I think another approach in light of Don’s answer can be:

Lemma:Let $G$ is a $p$-group and $H<G$ then $H\lneqq N_G(H)$.

Here we know that $[G:H]=p$ then $H$ is a proper subgroup of $G$. So the lemma tells us in this group we have $H$ as a proper subgroup of its normalizer in $G$. In fact our conditions make $N_G(H)$ to be $G$ itself and this means that $H\vartriangleleft G$.
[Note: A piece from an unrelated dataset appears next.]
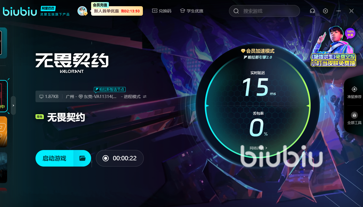 想要真正的開展無畏契約比賽,就得避免卡住,不然中途也會消亡。使用biubiu之后,當(dāng)然讓比賽變得勢均力敵,而不是率先落入下風(fēng)。新用戶的話可領(lǐng)取24小時的免費加速,另外新老用戶輸入【biubiu不卡頓】,便可額外獲得三天免費加速。當(dāng)開啟團戰(zhàn)時延遲太高的話,就不能配合好對方,例如用地雷先掩護好隊友。用上加速器后,才能讓你無縫銜接隊友的技能,而不是只能呆呆的看對方保護你。

You only need the following

**Lemma:**: If $\,G\,$ is a finite group and $\,p\,$ is the smallest prime diving $\,|G|\,$ , then any subgroup of *index* $\,p\,$ is normal in $\,G\,$ .

**Proof (highlights):** Let $\,N\leq G\,\,,\,\,[G:N]=m\,$ , and define an action of $\,G\,$ on the set of $\,X\,$ of left cosets of $\,N\,$ by $\,g\cdot(xN):=(gx)N\,$ :

1) Check the above indeed is a group action on that set

2) Check that the given action induces a homomorphism $\,\phi:G\to S_X\cong S_m\,$ with kernel

$$\ker\phi=\bigcap_{x\in G}N^x\,,\,\,\,N^x:=x^{-1}Nx $$

(the above kernel is also called *the core* of $\,N\,$)

3) Check that $\,\ker\phi\,$ is the greatest subgroup of $\,G\,$ normal in $\,G\,$ which is contained in $\,N\,$

4) Now apply the above to the case $\,m=p=\,$ the smallest prime dividing the order of the group.

One more solution. This one I saw in an old paper (1895) by Frobenius (from here).

We proceed by induction. The case $n = 1$ is clear. Let $H$ be a subgroup of index $p$, ie. $H$ has order $p^{n-1}$. Since $p$-groups have nontrivial center, there exists $x \in Z(G)$ of order $p$. If $x \in H$, then $H/\langle x\rangle \trianglelefteq G/\langle x\rangle$ by induction and thus $H \trianglelefteq G$. If $x \not\in H$, then $G = H\langle x \rangle$ and $H \trianglelefteq G$ since $x$ is central.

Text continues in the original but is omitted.